Payroll insurance is a type of business insurance policy that can help an ailing company cover payroll. Think of it as a sort of short-term disability policy. It will usually cover 100% of the employee payroll for a set period of time (say, three months), and then a partial amount of 33% for another set period of time.
The purpose of payroll insurance is not to carry the payroll responsibilities of a failing company indefinitely; it simply pays employees for a period of time, allowing some time for the business to lay off nonessential workers and stop the bleeding.
So, It’s Not Worker’s Comp?
At first glance, many people confuse payroll insurance with Worker’s Compensation insurance, which is an entirely different animal.
Worker’s Comp benefits the employee in the event of an accident or injury on the job, providing such benefits as paid wages, medical compensation, and compensation for future lost wages.

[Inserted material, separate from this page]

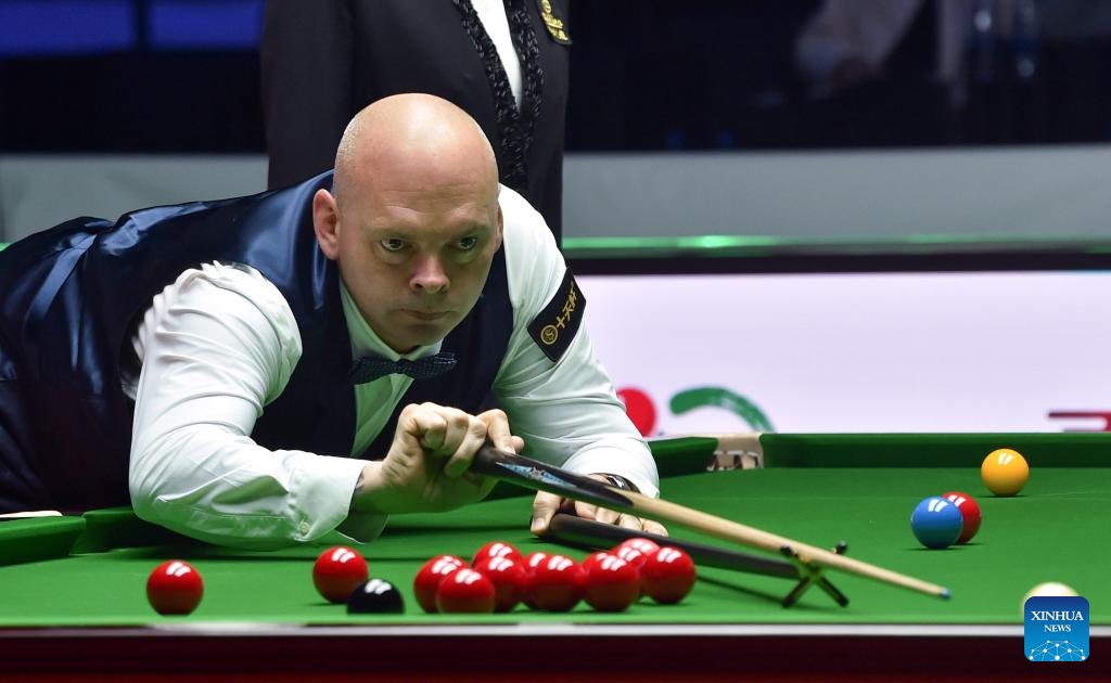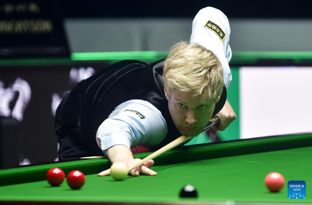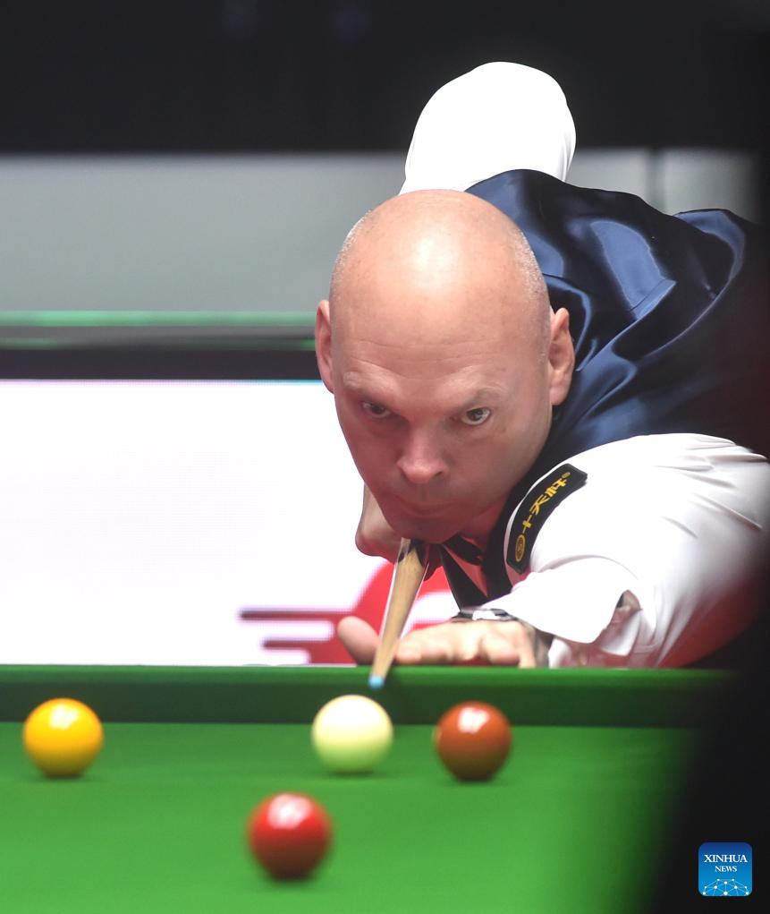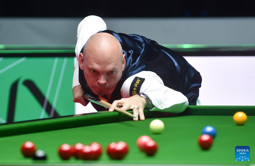 Stuart Bingham plays a shot during the final between Neil Robertson of Australia and Stuart Bingham of England at the Snooker World Grand Prix 2025 in Hong Kong, south China, March 9, 2025. (Xinhua/Lo Ping Fai)
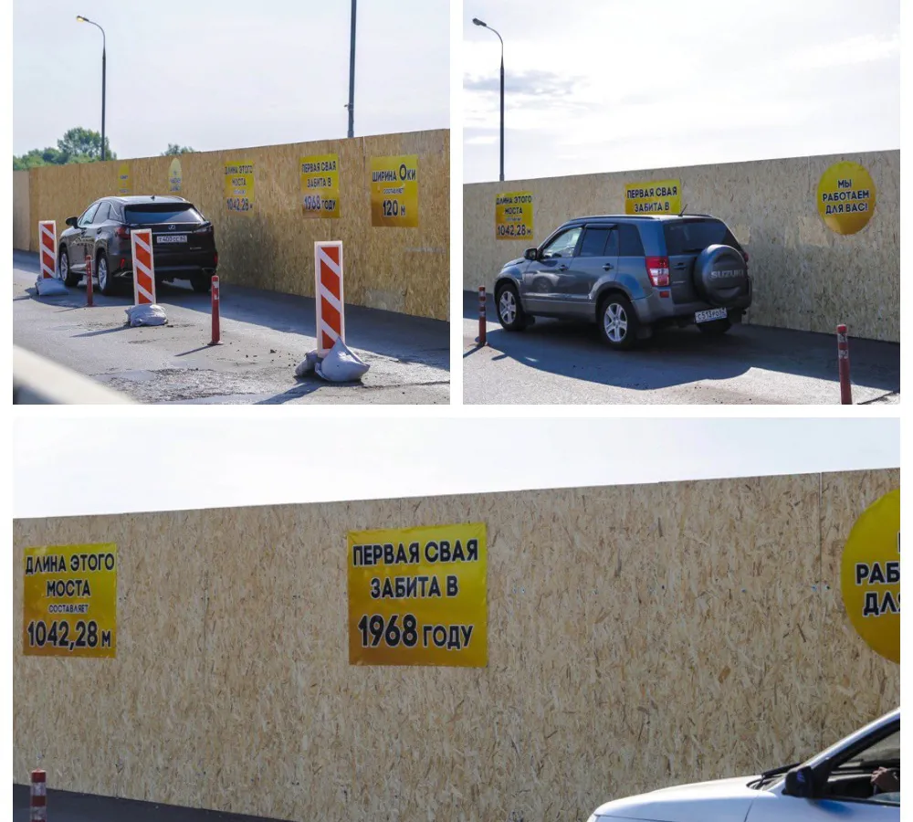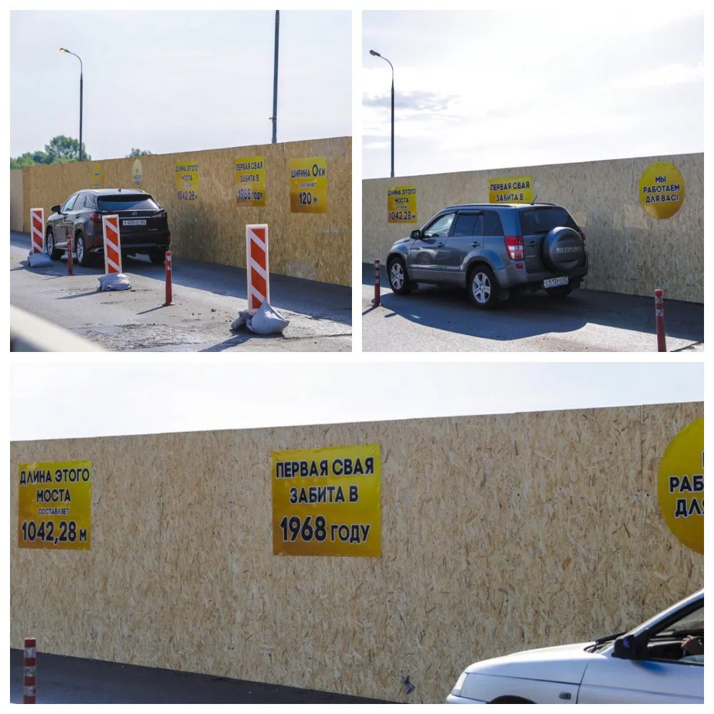 На временном ограждении, рабочие наклеили стикеры с извинениями и интеренсными фактами о постройке моста:

These benefits are provided in exchange for an agreement not to sue the company for negligence.
This type of insurance is mandatory in the United States and many other countries, unlike payroll insurance, which is entirely optional.
Do I Need Payroll Insurance?
Well, it’s not a bad idea, particularly for small businesses who feel the effects of an economic downturn more quickly. Not only does it make sure that your valued employees receive their paycheck, it helps keep them on the job during your efforts to survive during a rough patch.
In addition, in the event of a short week, or a short month, in which you just can’t scrape together enough cash to make payroll, such an insurance policy keeps you in the game without any loss of continuity or productivity.